ABSTRACT We have previously shown that gene therapy using Insulin-like growth factor (IGF)-I, glial cell line-derived neurotrophic factor (GDNF), and brain-derived neurotrophic factor (BDNF), or a combination of these trophic factors, is a treatment option for recurrent laryngeal nerve (RLN) palsy. However, there remain some difficulties preventing this option from becoming a common clinical therapy for RLN injury. Thus, we need to develop novel treatment option that overcomes the problems of gene therapy.R(-)-1-(benzothiophen-5-yl)-2-[2-N,N-diethylamino]ethoxy]ethanol hydrochloride (T-588), a synthetic compound, is known to have neuroprotective effects on neural cells. In the present study, the possibility of new drug treatments using T-588 for RLN injury was assessed using rat models.
Animal study.
Animals were administered T-588 for 4 weeks. The neuroprotective effects of T-588 administration after vagal nerve avulsion and neurofunctional recovery after recurrent laryngeal nerve crush were studied using motoneuron cell counting, evaluation of choline acetyltransferase immunoreactivity, the electrophysiologic examination, and the re-mobilization of the vocal fold.
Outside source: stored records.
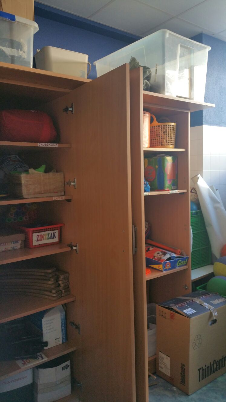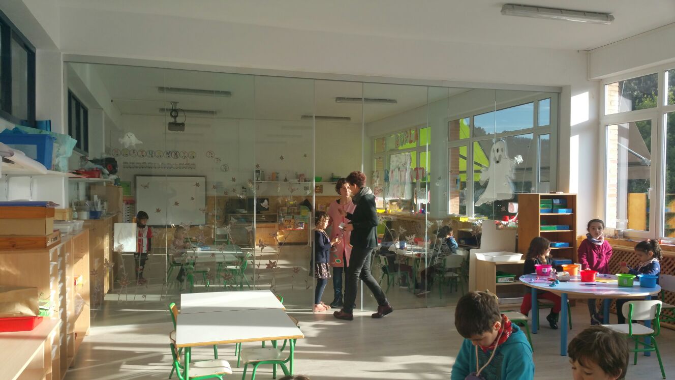 Nos dividieron en tres grupos para que pudiéramos ver la filosofía del centro. Os voy a intentar resumir un poco nuestras primeras impresiones al llegar. El pueblo, que es pequeño, principalmente vacacional y orientado al sector servicios, ellos comentaban que la única «fábrica» era el colegio, no había en el pueblo lugar que tuviese tantos trabajadores como la escuela. Tiene poca población de fuera y dominio del Euskera, comentan que es un pueblo muy euskaldun. Los edificios que forman el colegio, cuentan con bastantes años, no tienen grandes medios tecnológicos que puedan llamar la atención, pero su riqueza se basa en la dotación de personal, ya que son un cole de linea tres que posee mas de 50 profesores. Cuentan con niños de dos años que se integran en el día a día del centro. Las clases, son muy amplias, con biombos o puertas correderas que permiten acortar espacios. Son clases con grandes ventanales, muy luminosas, cosa que nos llamó la atención ya que los niños no se quejan de la luz, las cortinas siempre están abiertas. Las puertas de acceso al centros SIEMPRE están abiertas, incluso la verja que separa el instituto del colegio, para ellos esta apertura es algo natural, no se concibe que pueda ser de otra forma. Se observaba un espíritu de autonomía toral en los alumnos, ya que se movían libremente en por el centro, sin filas, sin pedir permiso,… y jamas tuvimos la sensación de caos. Si es cierto, que el espacio, tanto de aulas, pasillos, ..permite esa movilidad por su amplitud.
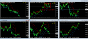 という事は、例え4時間足でトレンドが出そうでも、日足が所詮レンジのため、日足の節目節目でブチブチと4Hの流れが遮断されます。
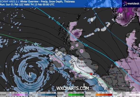 February 13 could possibly be a snowy day for a lot of areas of the UK (Picture: WXCharts)
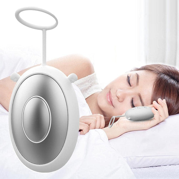 The sleep aid device helps alleviate stress and promote relaxation through gentle vibrations and soothing sounds.
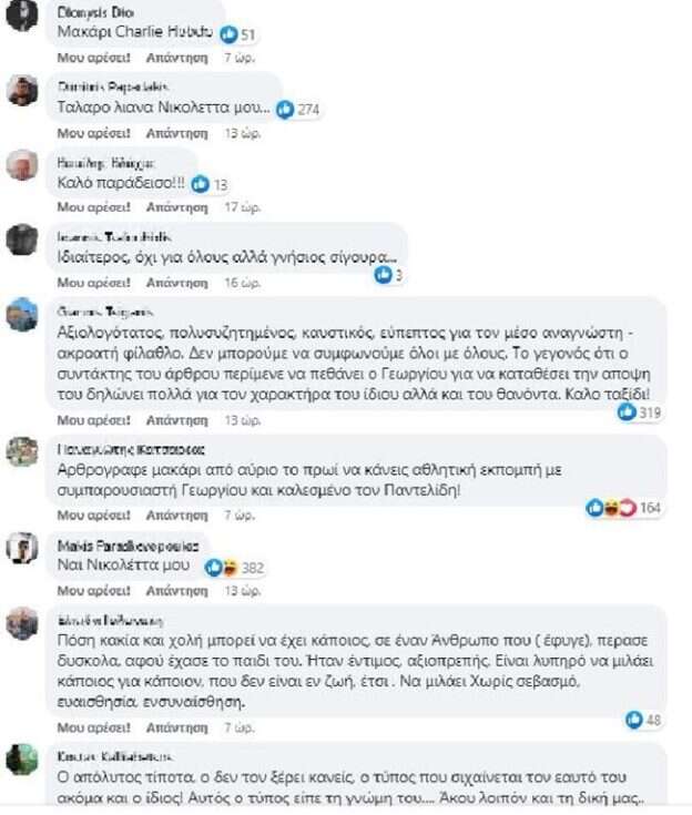 Γιώργος Γεωργίου: Μερικές από τις αντιδράσεις στα social media για το παραπάνω άρθρο

T-588 administration successfully prevented motoneuron loss and ameliorated the choline acetyltransferase immunoreactivity in the ipsilateral nucleus ambiguus after vagal nerve avulsion. Significant improvements of motor nerve conduction velocity of the RLN and vocal fold movement were observed in the treatment group when compared to controls.
These results indicate that oral administration of T-588 might be a promising therapeutic option in treating peripheral nerve injury.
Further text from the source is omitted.